Want Better Project Communication – Make Your Project The Center Of All Things

Projects are rarely simple local events anymore. Teams are global, multi-culture, multi-lingual, and more complex than ever before. The ease of co-located team communications has been lost with the advent of time and distance. Keeping the stakeholders and team members engaged is essential, so project managers have had to find new and state-of-the-art ways to make project communications happen.

Enter the practice of Social Project Management. Social PM mixes the best elements of traditional project management with digital collaboration and communications tools. It provides an agile way to manage project data and information flow in an accessible, transparent, and secure manner.

The way I do this is by making the project, not the data or the communication medium, the center of all things; the project is our ’email hub,’ the ‘inbox,’ the ‘file archive.’ The project portal (aka the digital project center) is where all data and information flows. The project is dynamic and takes on its own vital life as the glue of the team. The benefits are vast. The PM is no longer a roadblock or taskmaster in the center of communications. Status is immediate.

PERSONAL ACCOUNTABILITY: A positive benefit of using social tools is personal accountability. Social communications by its nature makes every team member’s work transparent, and visibility forces accountability (at least on my projects).

THE PROJECT IS THE THING: When the project is the center of everything, everything is organized around the actual work tasks and not the tools used to communicate (email) or store information. This is true projectization. The beauty of working using social tools on a project is that the work assignments are clear to everyone (because they are written), each team member sees what other team members are doing (because the applications are universally visible and available), the team gets out of ’email jail’ (because activity streams are fluid lists), tasks are maintained and supported in a collaborative manner, and, most importantly, working in a social manner allows people to determine the appropriate level of engagement that they need to get their job done.

WHAT I LEARNED FROM CO-LOCATION

Don’t get me wrong, there are many positive things about having your team in the same physical space. When teams are co-located they have a degree of team awareness. Most people don’t realize the amount of constant communication and sharing that goes on in the day to day office environment. When you are face-to-face you have visual cues and other benefits that make a team cohesive. For example, many teams eat lunch together. They spend time whiteboarding, brainstorming and sharing ideas, both good and bad. Many times, they play outside games (bowling, softball) as a team (wearing team t-shirts). Team members know the state of the project they are on because, as a team, they live and breathe it every day, sometimes 7 days a week

As the size of my teams grew and projects became global, multicultural, and more complex, time and distance between the team members hampered team awareness. The co-located dynamic that made us feel like a team was gone. I noticed that communications started to become more and more compartmentalized. People seemed only to pay attention to THEIR tasks and were less concerned with the project as a whole. Information flow became a battle and email overload was common. It was getting harder and harder to get dispersed teams to perform at the same high level of delivery as when they were co-located.

WELCOME TO SOCIAL LOCATION

In the interim period, when teams were being globalized, before collaborative tools were common, there was a definite period of communication breakdown and a loss of team cohesiveness. This was killing delivery and productivity. Around 2007, with major shifts in technology (Apple shipped the first iPhone, Google launched Android, and IBM develop Watson), many of us started to leverage social media and social collaboration software, mixing the best elements of traditional project management with digital collaboration and communications tools. Some called it ‘Social Project Management,’ others were calling it ‘Project Management 2.0,’ but regardless of a name, by leveraging social tools on projects we kept the team, as well as stakeholders, up-to-date through active information streams and ambient online status updates. “This is what put the ‘social’ in social project management.

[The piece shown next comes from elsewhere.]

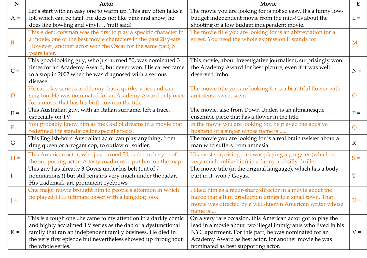 Your mission is twofold, find the name of the actor and the title of the movie he was in. Twice, instead of the movie title you need to find the name of a person related to that movie. You are always looking for the official stage name of the actor as it appears in the movie credits (some have a middle initial that you have to take into consideration too) and for the title of the movie in its ORIGINAL language. Then convert the names and movie titles to numbers (A=1, B=2, C=3 etc.).

It was social networking services, like Twitter, that gave us a different paradigm when it came to information updates on our projects. No longer did we need to receive, open, read, engage, respond, and then archive an email. With small bursts of information (Twitter’s original 140 characters), we kept in touch with precise, to the point, informational snippets, where we learned what was going on in the project in real time from the team players. By reading a stream of information (think Facebook News Feed) my teams are able to know what is going on from the larger distributed team as things are posted.

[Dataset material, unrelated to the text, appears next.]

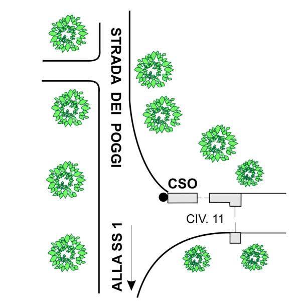 | Contrassegni | [{"simbolo_contrassegno":"B1","materializzazione":"(CSO) – Bullone infisso nella testata del muro della cabina tecnologica a sinistra del cancello di accesso al nr. civ.11 di Strada dei Poggi."}] |

AMBIENT AWARENESS: One of my goals on every project for the last decade has been to continue to improve ambient awareness for the team. “Ambient Awareness is the idea of being “ambiently aware” of another’s actions, thoughts, and experiences without having to be near them physically.” My teams are constantly ‘in’ the workflow and distributed processes of the project moment by moment. It is our ‘collective present.’ If you harness it, you will be surprised at how data-driven information can elevate your project team to a new level of communications.

Are you connecting with your teams and clients using social media or social collaboration tools? How are you leveraging your ‘collective present?’ What have you found to be the best way to keep distributed teams connected? Let me know. And remember to keep up the good attitude.